28
Nov 09

You are You

Who am I?

We ask ourselves this question every day. Even if we do not articulate these words in our own minds, our decisions and our actions inevitably bring us back to this question: Who am I?

Am I becoming more myself? Were the hopes and dreams I had as a child the real me? When this dreary work, this mind-numbing business which I find myself in today is completed and put away, will that person who I will be at that point be the real me?

This question can drive us, consume us, especially in our youth, when defining who we are seems most vitally important while it is at its most impossible.

The answer is that you are who you are. You are the thing asking the question and the consciousness trying to answer it. You are the body and mind, the feeling and logic, the sense and thoughts, the questioner and the seeker. You are who you are, and you were a different person yesterday then you are today, and will be a different person again tomorrow.

It is difficult, but we must let go of the notion that who we are  is some stable thing which we can rely on. The question we may really be asking is not, “who am I?”, but rather “who will I be?”, which is a very relevant and critical question that is much harder to answer then who you are right now. After all, it is the person whom you will be who will receive the effects of your decisions today. Predicting what will make that person happy is a continual challenge, and it is only through self-listening, and striving for balance in all our actions, that we can begin to know that future person.

We must find what we can do today which not only can lead to balance in our lives now but may also help that future person achieve balance as well.


23
Nov 09

First Principles

To live is to experience suffering. The reality of suffering and the unavoidable nature of suffering for all living creatures is one of the noble truths of the Buddha. Kings and servants, presidents and prisoners all feel suffering.

We all have experienced, or will experience, the pain of anxiety about money, or love, or loneliness. We all have experienced, or will experience, the pain of hunger and thirst, or physical trials. We all have experienced, or will experience, the grieving of losing someone we love to death or abandonment. Suffering is an inevitable part of life.

Yet, in most people’s lives, there is also joy. Joy at spending time with one’s family, or succeeding at one’s work. Joy at raising children, or falling in love. Joy at walking on a crisp fall day, and observing the beauty of falling autumn leaves and a cold, clear sky.

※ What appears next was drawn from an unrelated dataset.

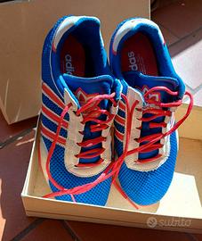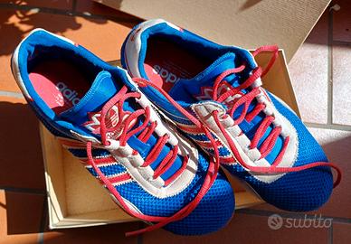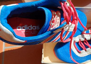 sneakers Adidas bluette, rosso, bianco lacci rossi suola gomma numero 38FR 5UK
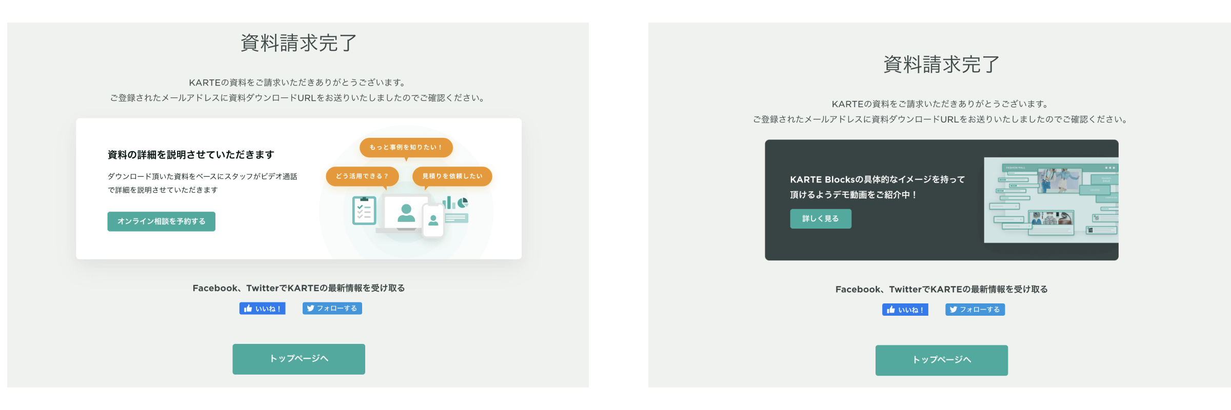 資料請求後のThanksページは、別プロダクトの資料をダウンロードしても同一ページに遷移するため、直前に閲覧していたページを元にThanksページの中央部のみをKARTE Blocksで書き換えました。このことにより、KARTEの案内ページを見ていた人にはKARTEの情報へ、KARTE Blocksを見ていた人にはKARTE Blocksの情報へ誘導することができました。

Joy is an experience that can and often does happen in people’s lives. Suffering cannot be avoided completely, and striving to avoid suffering entirely leads to a certain sickness, a reluctance to engage with life and risk our emotional comfort for something greater. Similarly, the mistaken pursuit of joy alone leads to hedonism, and is foolhardy. Human nature is such that even in times of the greatest pleasure, we all will find the edge of some discontent and suffer from it.

What is needed is to seek balance between joy and suffering. To remain engaged in life, and to embrace both experiences as being in equal measure parts of the whole of living. This does not mean that we do not occasionally turn away and try to forget ourselves in retreats and distractions. But it does mean that we know our distractions as distractions, and when we are ready, we fully engage in the struggle to find balance.

The purpose of these writings will be to help you find that balance in your own life between joy and suffering, to attempt to illuminate the balanced way so that you can follow it towards happiness and fulfillment in your daily life.